Contributing to our profit improvement were sound organic loan growth, lower cost core deposit growth, interdepartmental referrals, and improved net interest margin, non-interest income, expense control, and prudent management of the loan portfolio.
Outside of Montpelier impact, which Duane will discuss, core loan growth for 2008 was sound at $16.8 million, up 4.32% for the year. Improved sales efforts by our Commercial lending staff resulted in over 3,500 proactive client calls for the year to help drive this loan increase.
Our strategy to diversify geographically has been successful at Toledo and Fort Wayne, and have provided $1.2 million and $4.5 million of that growth, while growth in the newest market of Columbus, Ohio, one year old, accounted for over $13.9 million in new loan balances.
Also a driver of this loan growth and other profitable services was our aggressive referral program. In 2007 we had gross referrals of 860, with 289 closed, for identified balances of $1.8 million in deposits, over $18 million in loans, and $12.9 million in trust assets.

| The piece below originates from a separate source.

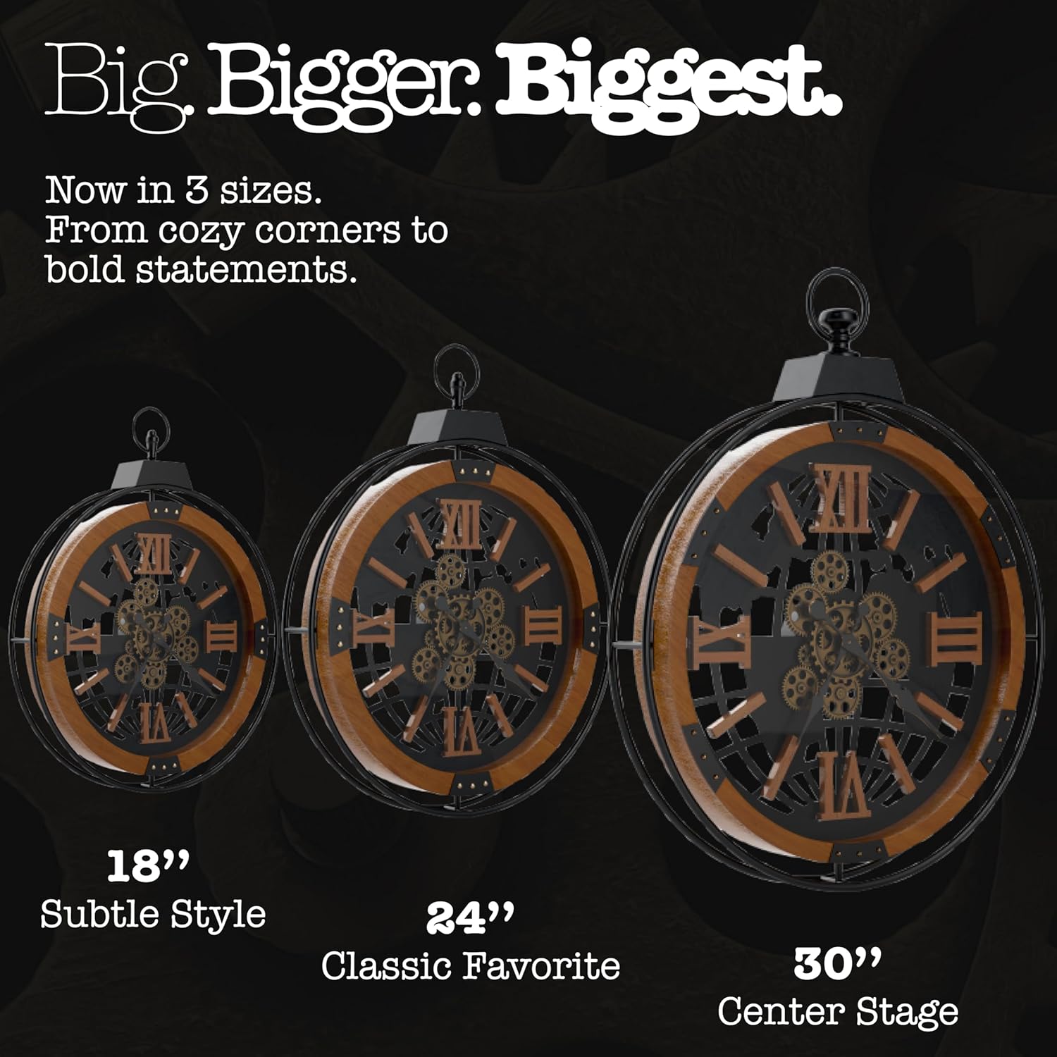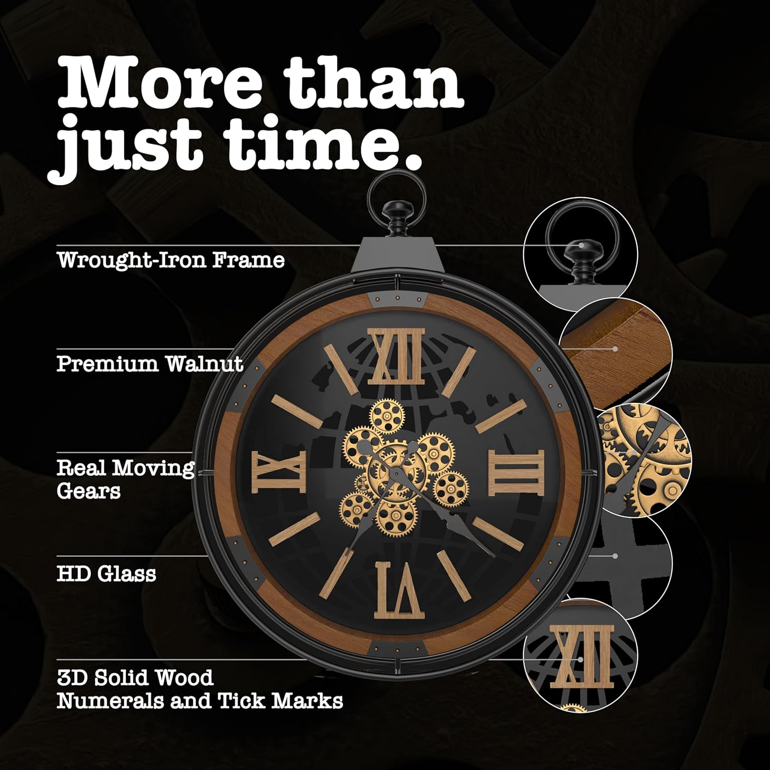 - TIMELESS STYLE: Stay on schedule with your new Driini Large Rustic Wall Clock. This oversized, 30 inch moving gear wall clock features a premium wooden frame, and a decorative black wrought-iron skeleton. The clock face is protected by a HD tempered glass for clear visibility and durability. A big, looped handle on top adds to its aesthetic as an industrial steampunk clock or gothic clock, while also invoking nautical and farmhouse vibes. Hand-cut 3D solid wood Roman numerals and tick marks are individually mounted to ensure visibility from any angle.

In 2008, we grew our referral culture of success by providing improved incentive to soundly build our balance sheet and improve net income. This year we had gross referrals of 1,330 with 410 closed, reflecting year-over-year increases of 54% and 41%, respectively.
Additional balances identified were $2 million in deposits, over $26 million in loans, and nearly $8 million in trust assets. Clearly, referrals utilizing our individual contacts have propelled related departments to higher levels of success. For 2009 each department has made quantified commitments to all the other departments, resulting in substantially higher referral goals and deposits and trust assets.

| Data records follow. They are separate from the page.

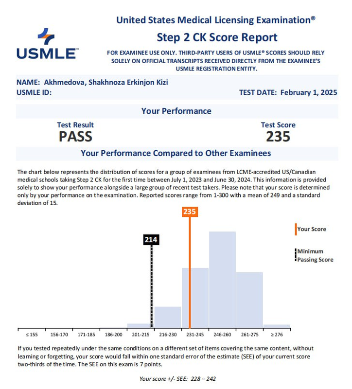 Хочу выразить огромную благодарность всем, кто поддерживал меня на этом пути. Спасибо моей семье за терпение и веру в меня, друзьям за мотивацию и моральную поддержку, а также всем, кто делился своим опытом и ценными советами. Отдельная благодарность Фарход ака за помощь в планировании подготовки, и команде Medcloud. Я невероятно ценю этот опыт и испытываю огромное облегчение после сдачи Step 2. Особенно радует осознание, что я еще на шаг ближе к своей конечной цели. Этот путь был нелегким, но, как говорится, "Преодолевая трудности, мы становимся сильнее". Главное — верить в себя, двигаться вперед и помнить, что каждый пройденный этап приближает нас к мечте. 💪✨
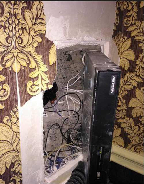 Следующее фото, опубликованное пресс-службой СБУ вчера, 6 февраля, - с места обыска "общественного заведения" в Краматорске, где нашли "жучок". Не правда ли, знакомый рисунок на обоях?
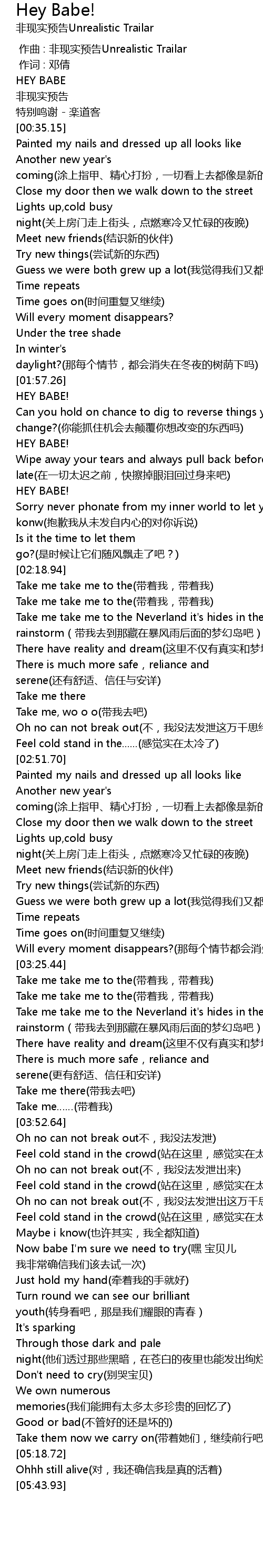 | [04:47.32] | Now babe I' m sure we need to try hēi bǎo bèi r wǒ fēi cháng què xìn wǒ men gāi qù shì yī cì |

The Bank’s sales philosophy impacts our High Performance Checking program, as it continued its positive trends, increasing net retail checking accounts. The change in retail accounts was a net decrease of 299 in 2006. Conversely, with the program implemented, net retail checking accounts increased by 826 in 2007, and increased again by 904 this year. This strategy continues to provide the tools for building lower cost core funding.
Linked to our increase in loan balances and our improving fund’s costs through increasing core deposits, we grew our net interest income by $2.43 million over 2007 levels, a 14.4% improvement year-over-year. Our liability-sensitive balance sheet, balance sheet positioning, and improved ALCO processes enabled us to capitalize on the systemic decline in the yield curve, producing 33 basis point improvement in the net interest margin for 2007.
Our strategy is also linked to improving our non-interest income. For example, the acquisition of core deposits through our High Performance Checking program was a major component in improving deposit fees by $172,000, or 7.7% over 2007. Expanded loan volume enabled us to improve loan fees by $331,000, or 40.4% improvement over 2007.
Loan sale gains also made significant contributions as we expanded residential loan revenue by $152,000. We experienced a decrease in our fees associated with Trust Division, as Duane will discuss shortly.
While moving the organization forward, we controlled operating expenses to only 1.3% increase. Going forward, we are benchmarking 15 to 20 critical components of the highest performing peer banks to enable us to clearly identify additional areas of revenue.
Finally, amid turbulent economic times, our loan portfolio continued to perform reasonably well. Past due loans with our expanded collection efforts have remained relatively stable. Likewise, our nonperforming loans as a percentage of average assets improved slightly to 1%, marked down from 1.1% in 2007. Clearly, prudent loan administration and origination remain the foundation of our consistent earnings performance.
In closing, we are confident that we’re on the right track in many areas, but acknowledge that if we stand still we will undoubtedly get run-over. It is in this spirit of doing “whatever it takes” that we remain committed to improve our performance for all of our stockholders, our stakeholders, clients, employees, and the communities we serve.
Ken, back to you.
Ken Joyce: Well, thank you, Mark and you certainly have expressed your philosophy and congratulations on your success in the banking segment and the positive results stemming from your leadership and your team’s talent and outstanding efforts.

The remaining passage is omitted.